Our expertise with reactions that include gaseous acetylene occupies another important role in the field of transition metal-catalyzed hydroheterofunctionalization. These reactions make use of the potential of unsaturated compounds and especially acetylene for functionalization particularly by utilizing late transition metal complexes, e.g. Ni, Pd, Pt and Fe. These functionalization reactions are especially appealing, because they produce very useful building blocks with high functionality from relatively simple precursor molecules.


  1. I. Thiel, M. Hapke, Rev. Inorg. Chem. 2014, 34, 217-245. 
  2. B. Heller, M. Hapke, Chem. Soc. Rev. 2007, 36, 1085-1094.

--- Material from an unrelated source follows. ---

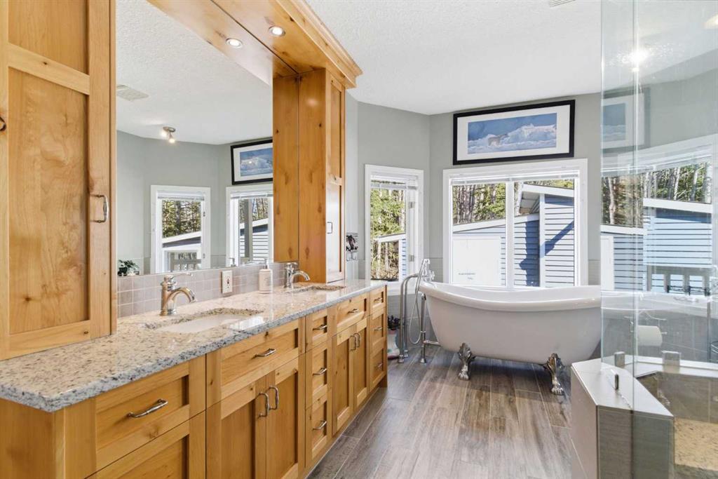 This beautiful Victorian style 1 & ½ storey home was built in 1989 and sits on 20 acres with trees & pasture land. It was updated in 2012 with interlocking metal roof (with transferable 50 year warranty) and Hardy board siding in 2022 on both the house and detached triple garage. The covered deck wraps around most of the house. The large fenced in yard (1 acre) is perfect for keeping young children and dogs close by. This fenced in yard includes a hot tub, pond, green house (c/w power & heat) & garden. The ...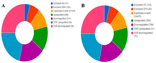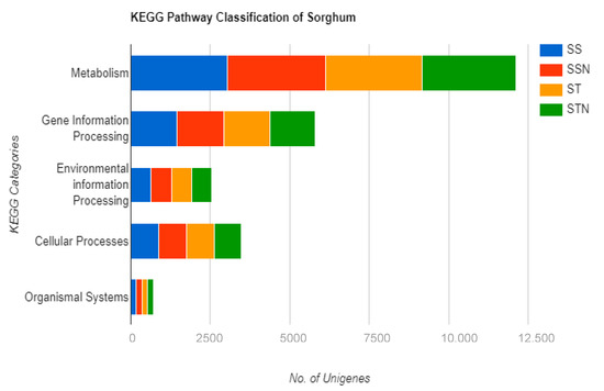 Paired-end reads used for reference-based read mapping are shown in Supplementary Table S1. The transcriptomic data obtained for SS, SSN, ST, and STN treatments are represented in Supplementary Files S2 and S3, respectively. Significant DEGs associated with SS/SSN (Figure 7A) and ST/STN (F Figure 7B) pairs were identified across the inferred datasets. Seventy genes are exclusive to SS: 162 for SSN, in contrast to 112 and 26 for ST and STN, respectively. Likewise, 668 and 250 have been found to be upregulated, while 310 and 769 are downregulated in SS and ST genotypes (Figure 7A,B). In SS/SSN genotypes, 21,473 genes were expressed, and 24,405 in ST/STN (Figure 7A,B). The KEGG revealed diverse pathway genes associated with carbohydrate, energy, lipid, nucleotide, amino acid, metabolism of cofactors and vitamins, terpenoids, polyketides, and secondary metabolism in SS, SSN, ST, and STN samples (Figure 8). Likewise, genes involved in gene information processing; environmental information processing, including signal transduction’ cellular processes’ and organismal systems have been detected (Figure 8). GO analysis disclosed the genes implicated in biological processes, cellular components, and molecular function (Figure 8). The striking difference is that a higher number of genes have been found downregulated in the ST genotype in comparison with SS. The difference is pronounced in all the areas including biological processes (83 vs. 299), cellular components (81 vs. 321), and molecular function (118 vs. 343) in SS vis à vis ST genotypes (Table 1).

  3. M. Hapke, N. Weding, A. Spannenberg, Organometallics 2010, 29, 4298-4304.
  4. I. Thiel, H. Jiao, A. Spannenberg, M. Hapke, Chem. Eur. J. 2013, 19, 2548-2554.
  5. a) N. Weding, R. Jackstell, H. Jiao, A. Spannenberg, M. Hapke, Adv. Synth. Catal. 2011, 353, 3423-3433; b) Übersicht: N. Weding, M. Hapke, Chem. Soc. Rev. 2011, 40, 4525-4538.
  6. N. Weding, A. Spannenberg, R. Jackstell, M. Hapke, Organometallics 2012, 31, 5660-5663.
  7. I. Thiel, A. Spannenberg, M. Hapke, ChemCatChem 2013, 5, 2865-2868.
  8. I. Thiel, M. Hapke, J. Mol. Catal. A: Chem. 2014, 383-384, 153-158.
  9. a) A. Gutnov, B. Heller, C. Fischer, H.-J. Drexler, A. Spannenberg, B. Sundermann, C. Sundermann,  Angew. Chem. 2004, 116, 3883-3886; b) M. Hapke, K. Kral, C. Fischer, A. Spannenberg, A. Gutnov, D. Redkin, B. Heller, J. Org. Chem. 2010, 75, 3993-4003.
  10. F. Fischer, P. Jungk, N. Weding, A. Spannenberg, H. Ott, M. Hapke, Eur. J. Org. Chem. 2012, 5828-5838.
  11. P. Jungk, F. Fischer, I. Thiel, M. Hapke, J. Org. Chem. 2015, 80, 9781-9793.